相続時にこれをすれば借金苦からは逃れられます
相続税の申告期限は10ヶ月以内ですが、実は被相続人の死亡後3ヶ月以内にやるべきことが多いです。
そのなかでも「限定承認」と「相続放棄」はこの3ヶ月以内に行わなければいけません。
この限定承認と相続放棄について詳しく説明していきます。
相続放棄とは?
相続放棄とは借金も財産も一切相続しないという方法です。
以前、TV番組でタレントの長嶋一茂さんが、お父さんの長嶋茂雄さんの財産に関して
「ぜんぶ放棄している。もめたくないから」
と話しているのをみました。
例えば、大きな借金しか相続財産として残っていない場合は、3ヶ月以内に家庭裁判所で相続放棄の申し立てをすれば、どんなに大きな借金でも一切返す必要がなくなってしまいます。

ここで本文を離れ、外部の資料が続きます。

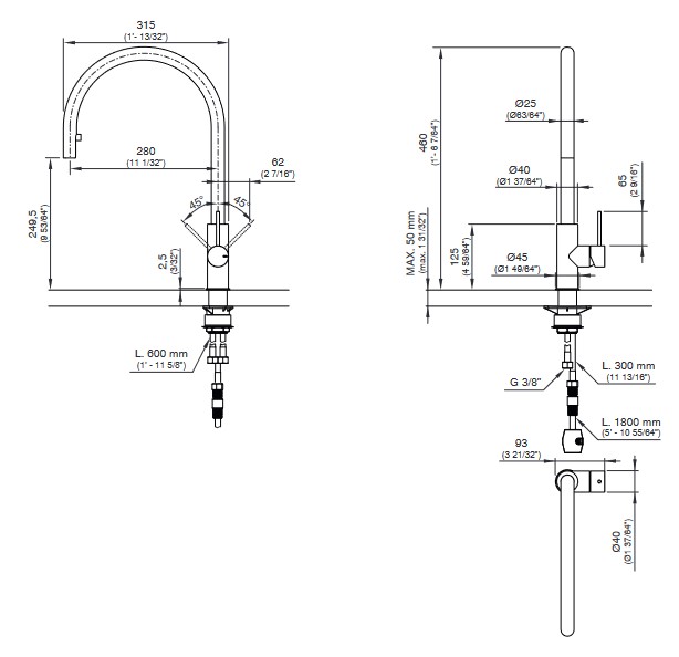 Wysokość wylewki: 24,95 cm

当然、相続を一切合切放棄しますのでプラスの財産をもらうことはできません。
ちなみに相続放棄は相続人のうち1人でもできます。
限定承認とは?
限定承認とは被相続人の財産の範囲内で借金を相続する方法です。
つまり、相続後に借金の方が多かったと判明した場合でも、この限定承認をすれば、相続財産の範囲内で借金を返せばいいことにしてくれます。

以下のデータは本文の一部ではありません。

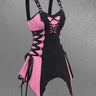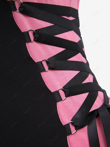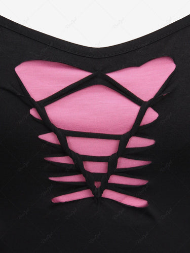 Gothic Plus Size Lace Up Ripped Braided Buckle Grommet Asymmetric Patchwork Backless Tank Top

例えば、1億円の財産を相続したが、相続後に2億円の借金があることが判明しても、限定承認をしていれば差し引き1億円の借金の返済を免れることができます。
こちらも相続放棄同様に、相続の開始があったことを知った日から3ヶ月以内に家庭裁判所に申し立てをしなければいけません。

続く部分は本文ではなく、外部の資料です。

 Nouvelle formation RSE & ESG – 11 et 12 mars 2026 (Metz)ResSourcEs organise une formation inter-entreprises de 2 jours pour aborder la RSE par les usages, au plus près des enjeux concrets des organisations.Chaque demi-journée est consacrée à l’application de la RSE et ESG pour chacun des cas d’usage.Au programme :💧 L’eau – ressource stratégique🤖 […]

しかし、限定承認は相続放棄のように相続人1人だけではできません。
必ず相続人全員で申請しなければいけませんので注意してください。
相続開始から4ヶ月後以降にすべきことは?
参考までに、相続開始から4ヶ月後以降の流れについて説明しますと、
❏相続開始4ヶ月以内にすべきこと
・被相続人の準確定申告
❏相続開始10ヶ月以内にすべきこと
・遺産の評価・鑑定
・遺産分割協議書の作成(相続人全員の署名・実印と印鑑証明が必要)
・相続税申告書の作成
・相続税の申告と納付(延納・物納の申請)
のような流れになります。
相続放棄したら後は何もしなくてもいいの?
多額の借金を抱えて賃貸経営がほぼ破綻しているマンションの相続が発生したと仮定してみます。
その場合、本当に何もしなくていいのでしょうか?
実際には相続放棄した後も一切の責任を負わなくてもよいということにはなりません。
なぜなら、相続人が相続を放棄したことによって代わりの相続人が決まるまでは、
「自己の財産におけるのと同一の注意をもって財産の管理を継続する義務」
(民法940条1項)
を負わなければならないからです。
相続放棄をして不動産などの資産を放置した結果、仮にその物件が老廃してしまったら、他の相続人や相続債権者等に損害が及ぶ恐れがあります。
したがって相続放棄をしても何もしなくていいことにはならず、次の相続人が決まるまでは最低限度の管理行為は必要になります。
相続放棄をしても管理行為だけは必要になることは覚えておいてください。